Of course most "bicycle-travel" literature focuses heavily on the "human relations" aspect of the trip, but here there is rather little of anything else. One realizes eventually that he sometimes rides with his wife on a tandem and sometimes they take separate bikes, but there is perhaps one sentence about the implications of undertaking such trips with one's spouse - how they make it work. There is one anecdote about getting bicycles onto flights as checked baggage without paying a "bicycle fee" but there could be many such stories about having a bicycle during international travel that seem like missed opportunities (one guesses . . . ).
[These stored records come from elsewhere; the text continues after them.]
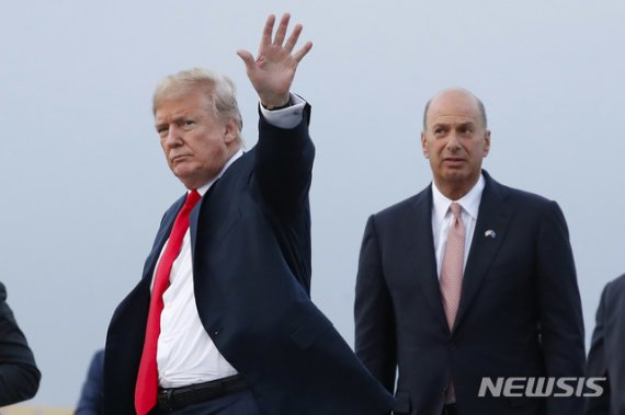 【브뤼셀(벨기에)=AP/뉴시스】지난 2018년 7월10일 벨기에 브뤼셀에 도착한 도널드 트럼프 미 대통령(왼쪽) 뒷편에 고든 선들랜드 유럽연합(EU) 주재 미국 대사의 모습이 보이고 있다. 선들랜드 대사의 변호인은 8일 미 국무부가 선들랜드에게 트럼프 대통령에 대한 하원 3개 위원회의 탄핵 조사에 증언하지 말도록 지시했다고 밝혔다. 2019.10.8
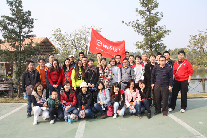 当大家还沉沉浸在欣赏四周美景的时候,很快被集合到中央湖的一侧合影留念。随着一声洪亮的“茄子”声,沃通全体员工生龙活虎的肖像定格在了充满农家风情的新锦记农庄。
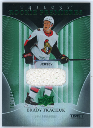 2018-19 Upper Deck Trilogy Brady Tkachuk Rookie Jersey Green /499
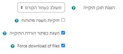 - ניתן להחליט עם תוכן התיקיה יוצג בעמוד הקורס, או בחלון נפרד.
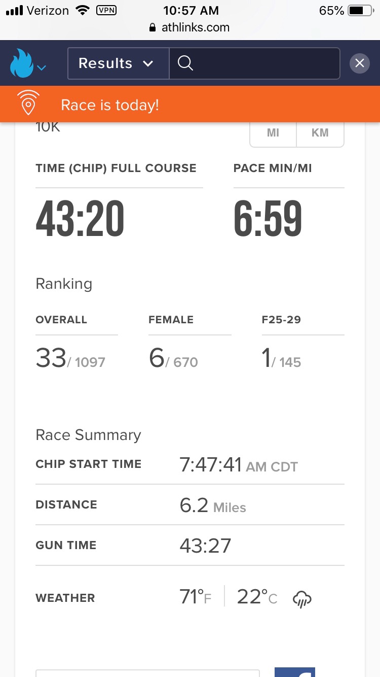 Then just before mile 5, I saw my husband cheering and I caught the 1:30 half marathon pace group. This gave me a little energy, but I was still feeling like garbage. I told myself if I could stick with them I could ensure my remaining miles were under 7 minute pace. I knew this was a tall task because I was also starting to have some GI issues (sorry for the TMI). I told myself to focus on sub 7 minute miles and not pooping (again, sorry for the TMI, but aren’t we all runners here? 😛 ). I was successful with my second goal (LOL), but not my first goal. Mile 5 was a 6:55 and mile 6 was a 7:05. I was able to kick it in around 6 minute pace for the final 0.2, but it did not feel great, especially with the GI discomfort. My overall time was 43:20, which is technically a 38 sec PR, but that’s not saying much when my first 10k last year was also run untrained.
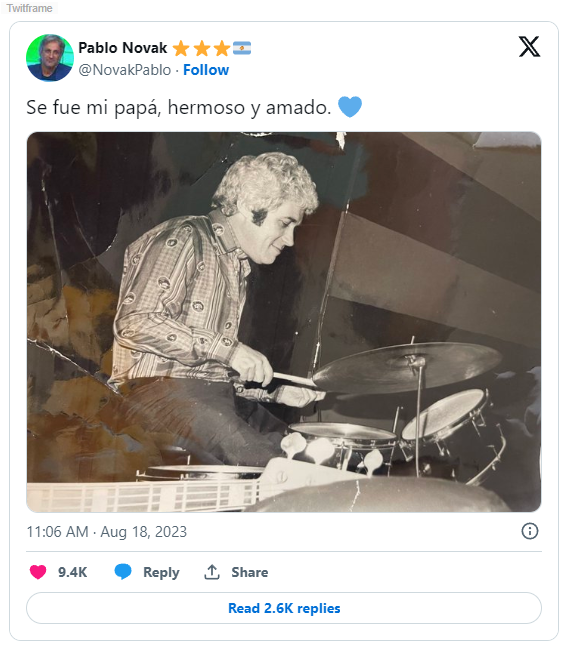 El artista tenía cuatro hijos, dos de ellos conocidos por su trabajo en el medio artístico: Pablo Novak y Julieta Navarro. Pero también era padre de Marcela y Carolina y abuelo de Marcos y Esmeralda.

Presumably this monochromatic aspect is the result of a book that is compiled from short articles that each had roughly the same goal and weren't intended to serve as part of a long narrative. I'm not saying I didn't find it enjoyable to read - mostly I did - but it became clear after about 50 pages that this wasn't really going anywhere it hadn't been already except to swap in different locations.

Weir's style also became a little fatiguing over the length of a book. His average paragraph has (I'm estimating) two sentences, but there are quite a few paragraphs of one sentence. If you pause to consider what you know about writing it seems like he could have consolidated a lot of these little paragraphs into longer ones that flow better. What may work fine as an article doesn't necessarily work for extended reading.

The book has some black and white photographs - these serve to show the scenery occasionally mentioned as another benefit of adventure cycling. Some of the photos are quite good.